Reputation: 129
I have been following examples on stack to create Sankey charts using the NetworkD3 package. I would like to set the colour of the links specific to column variables event
. The data that I have has multiple columns:
structure(list(names = c("bell", "john", "andrew", "sam", "bell",
"bell", "andrew"), event = c("Event 1", "Event 2", "Event 3",
"Event 1", "Event 2", "Event 4", "Event 1"), response = c("Yes",
"Yes", "No", "Yes", "No", "Yes", "No")), class = "data.frame", row.names = c(NA,
-7L))
> d
names event response
1 bell Event 1 Yes
2 john Event 2 Yes
3 andrew Event 3 No
4 sam Event 1 Yes
5 bell Event 2 No
6 bell Event 4 Yes
7 andrew Event 1 No
Following CJ Yetman's example (thank you very much for the very followable example if you ever read this!) here, data frames for the links and nodes were created:
links <- d %>%
mutate(row = row_number()) %>%
gather('column', 'source', -row) %>%
mutate(column = match(column, names(d))) %>%
group_by(row) %>%
arrange(column) %>%
mutate(target = lead(source)) %>%
ungroup %>%
filter(!is.na(target)) %>%
#index
mutate(source = paste0(source, '_', column)) %>%
mutate(target = paste0(target, '_', column + 1)) %>%
select(source, target)
nodes <- data.frame(
name=c(as.character(links$source), as.character(links$target)) %>%
unique()
)
Then I matched the indices in the nodes
data frame to the source
and target
columns in the links
data frame. In this case, I mutated new columns rather than overwriting it because it is easier for me to read:
link <- links %>%
mutate(IDsource = match(links$source, nodes$name)-1) %>%
mutate(IDtarget = match(links$target, nodes$name)-1) %>%
mutate(value = 1) %>%
#remove index
mutate(source = sub('_[0-9]+$', '', source)) %>%
mutate(target = sub('_[0-9]+$', '', target))
#
nodes$name <- sub('_[0-9]+$', '', nodes$name)

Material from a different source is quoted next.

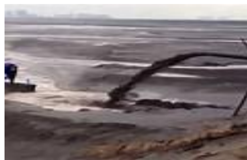
Toxic "lakes" in Baotou China from processing rare earths

The extent of increased mining, the toxic processes polluting the environments of other countries, the transport by sea and land, the clearing in regions of Australia of tracts of agricultural and bushland, the reduction of wildlife or the risk of pollution to air, land and water is staggering.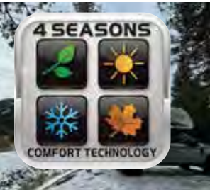
Four Season's Comfort Technology Package - Key features including a heated holding tank design, insulated hatch covers & insulated over-cab bed mat, keep you warmer in the winter and cooler in the summer!

As mentioned, I would like to set the colour of the links across the entire flow of the Sankey diagram by event
. Here specifies creating a new column in links
and nodes
to match the colour scale specified in the d3.scaleOrdinal()
function.
#New column to set colour for nodes
nodes$node.col <- as.factor(c("nod.col")) #set nodes to one colour only
#New column for links
col.index <- d %>%
select(event) %>% unique(); col.index #get events from original dataframe
#mutate new column to set colours for links
links$links.col <- col.index$event[match(links$source, col.index$event)]
links$links.col[is.na(links$links.col)] <- col.index$event[match(links$target[is.na(links$links.col)], col.index$event)]
links$links.col <- as.factor(links$links.col) #change to factors
#d3.scaleOrdinal()
my_color <- 'd3.scaleOrdinal() .domain(["Event 1", "Event 2", "Event 3", "Event 4", "nod.col"]) .range(["red", "blue", "red", "yellow", "gray"])'
However, the links are all red, when each event should have its own colour (across the entire flows).
sankeyNetwork(Links = links, Nodes = nodes, Source = 'IDsource',
Target = 'IDtarget', Value = 'value', NodeID = 'name', colourScale=my_color,
LinkGroup="links.col", NodeGroup="node.col")
Could someone explain what I did wrong? The other issue I have is with manually setting the colours for each event in d3.scaleOrdinal()
. If there an efficient way to do this I need to set the colour for up to 30 or more events?
Upvotes: 1
Views: 1052
Reputation: 124863
To get the right colors use clean names in your color assignment, e.g. replace spaces in your column links.col
and the domain
of d3.scaleOrdinal
with e.g. an underscore. Unfortunately I have only basic knowledge of D3 and JS. So I can't tell you what's exactly the issue. But it works and was the only difference between your code and the example code from the R Graph Gallery:
library(tidyr)
library(dplyr)
library(networkD3)
# Make clean names
links$links.col <- as.factor(gsub(" ", "_", links$links.col)) #change to factors
my_color <- 'd3.scaleOrdinal() .domain(["Event_1", "Event_2", "Event_3", "Event_4", "nod.col"]) .range(["red", "blue", "red", "yellow", "grey"])'
sankeyNetwork(Links = links, Nodes = nodes, Source = 'IDsource',
Target = 'IDtarget', Value = 'value', NodeID = 'name', colourScale=my_color,
LinkGroup="links.col", NodeGroup="node.col")
#> Links is a tbl_df. Converting to a plain data frame.
EDIT Concerning the second part of your question. If you want custom colors for your events then I'm afraid some manual work is necessary to define the palette which assigns colors to events. However, one option to make this more "efficient" would be to first make a lookup table and then create the JS code by concatenating strings like so:
# Make a look up table of events and colors
cols <- data.frame(
domain = c("Event_1", "Event_2", "Event_3", "Event_4"),
color = c("red", "blue", "red", "yellow")
)
cols$domain <- sprintf('"%s"', cols$domain)
cols$color <- sprintf('"%s"', cols$color)
# Make the JS code by glueing strings
my_color <- c('d3.scaleOrdinal().domain([',
paste(c(cols$domain, '"nod.col"'), collapse = ", "),
"]) .range([",
paste(c(cols$color, '"grey"'), collapse = ", "),
"])")
my_color <- paste(my_color, collapse = "")
Upvotes: 2